Mike Mitchell, già dietro la macchina da presa anche di Trolls, riesce a dare il meglio di sé nella parte animata e nelle sequenze action, che utilizzano la tecnica mista tra animazione tradizionale pittorica e 3D digitale come iniziato nel Gatto con gli Stivali 2, piuttosto che in quella narrativa. L’animazione è infatti la vera forza di Kung Fu Panda 4 piuttosto che la storia e l’evoluzione di Po, già vista in altri frangenti.

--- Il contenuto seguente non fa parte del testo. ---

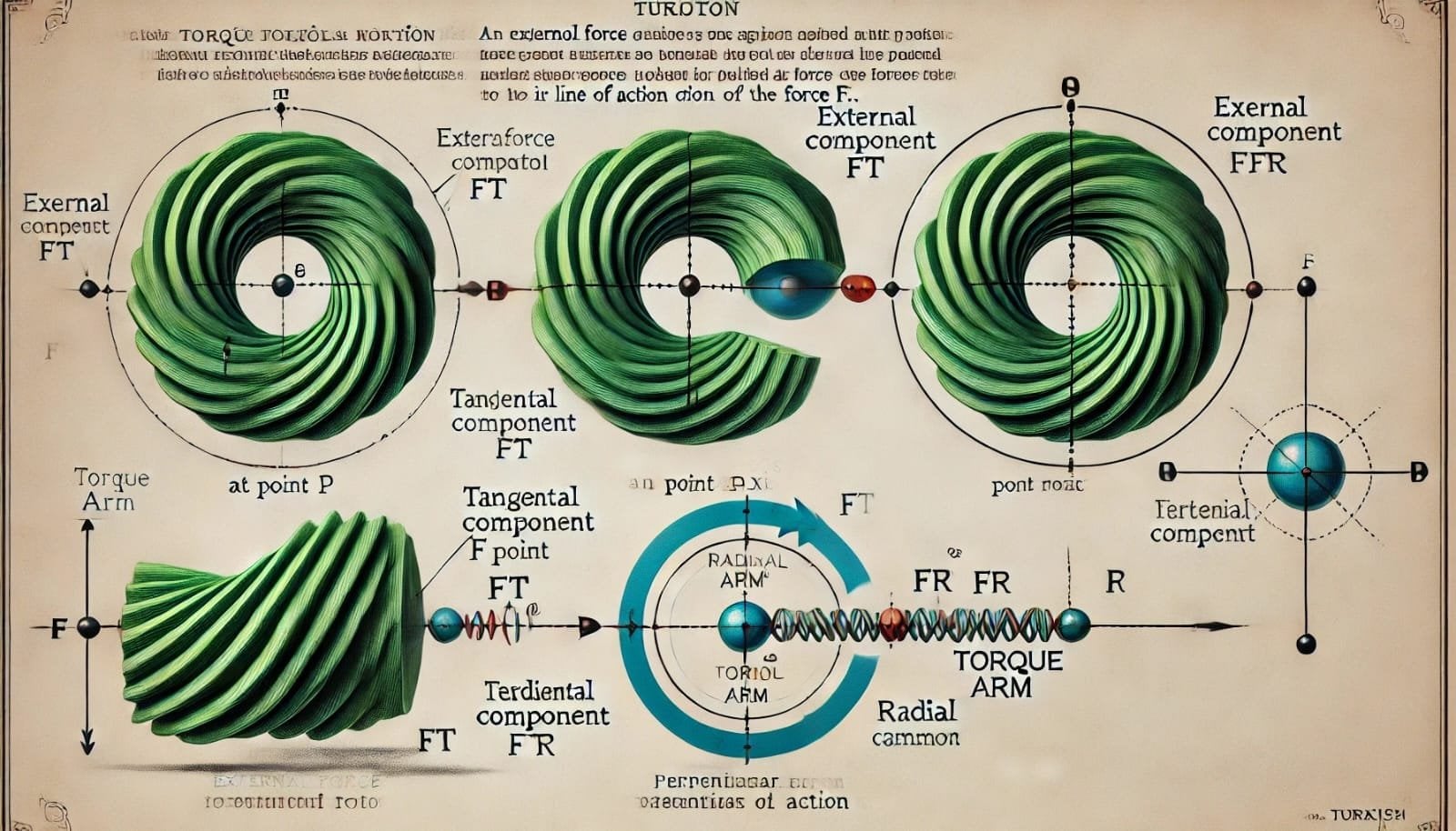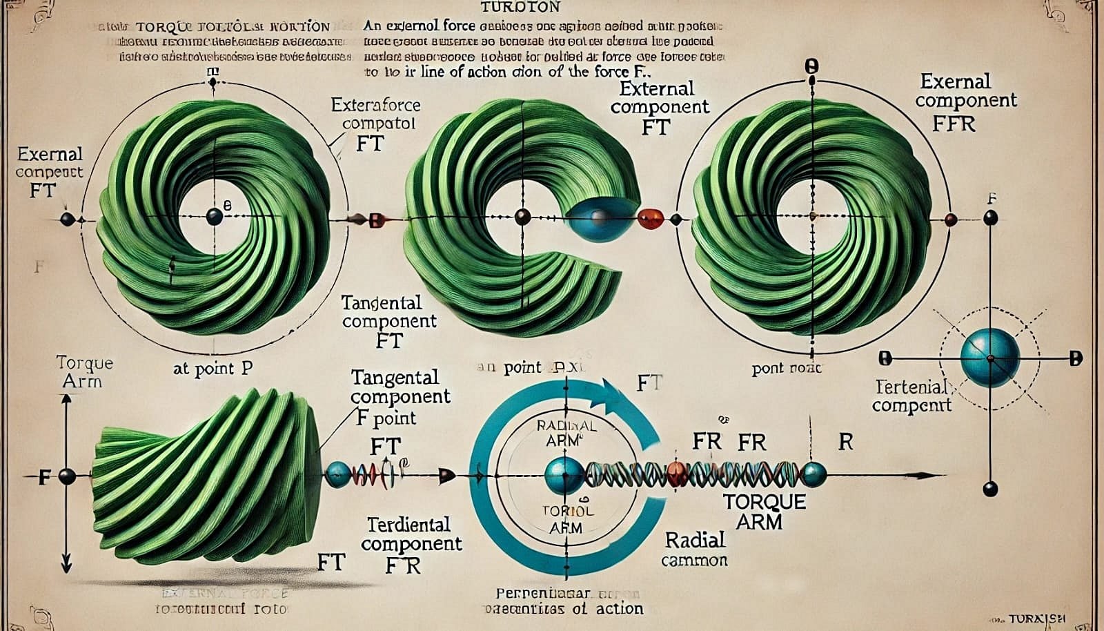 -F'nin cismin dönme ekseni etrafında dönme hareketine nasıl yol açtığını anlamak için F'yi iki bileşene ayırırız. F_r, radyal bileşeni adı verilen bileşen, r yönündedir. Bu bileşen dönmeye yol açmaz çünkü uygulanma yönü, O noktasından geçen bir doğru üzerindedir.F'nin diğer bileşeni, F_t teğet bileşeni ise r'ye dik olup büyüklüğü F_t = F sin φ'dir. Bu bileşen dönmeye yol açar.

Soprattutto nelle scene di combattimento, la pellicola mostra i muscoli, e meno male dato che si tratta del corrispettivo animato dei film sulle arti marziali come Karate Kid e affini.

Storia di due padri

L’aspetto che più aveva colpito del terzo film, oltre all’animazione dinamica, era la figura del padre biologico ritrovato di Po, Li Shan (Bryan Cranston) mettendo al centro le figure di due padri, insieme a quello adottivo Mr. Ping (James Hong) – quando solitamente vi è la controparte femminile – che devono trovare un equilibrio per crescere insieme il proprio figlio. Ebbene, una delle forze del film è sicuramente il dinamico duo, oramai rodato, che ancora una volta si mette sulle tracce del figliol prodigo per provare ad aiutarlo nella sua missione, proponendo le sequenze più esilaranti della pellicola.

Nascita di un eroe

Nel chiudere (almeno per il momento) la saga il film vuole ricordarci che, per parafrasare Ratatouille, “non tutti possono essere dei grandi eroi, ma un grande eroe può celarsi in ognuno di noi”. Questa è la lezione più importante che Po imparerà in quest’avventura, e noi con lui.

60
Kung Fu Panda 4
Recensione di Federico Vascotto

Chiudiamo la recensione di Kung Fu Panda 4 confermando come si tratti di un capitolo divertente ma che non porta purtroppo nulla di nuovo alla saga o a quelle supereroistiche e di arti marziali. Ottima l’animazione mista, soprattutto nelle sequenze in combattimento, e valide la new entry Zhen e la villain Camaleonte, ma la trama risulta vista e rivista.

ME GUSTA
  • L’animazione dinamica.
  • La new entry truffaldina Zhen.
  • La villain Camaleonte e il suo potere mutaforma.
FAIL
  • Il tema dell'eredità già visto.
  • Po deve scegliere un successore ma sembra ancora agli inizi.
  • Tutta la parte narrativa risulta già affrontata e senza guizzi.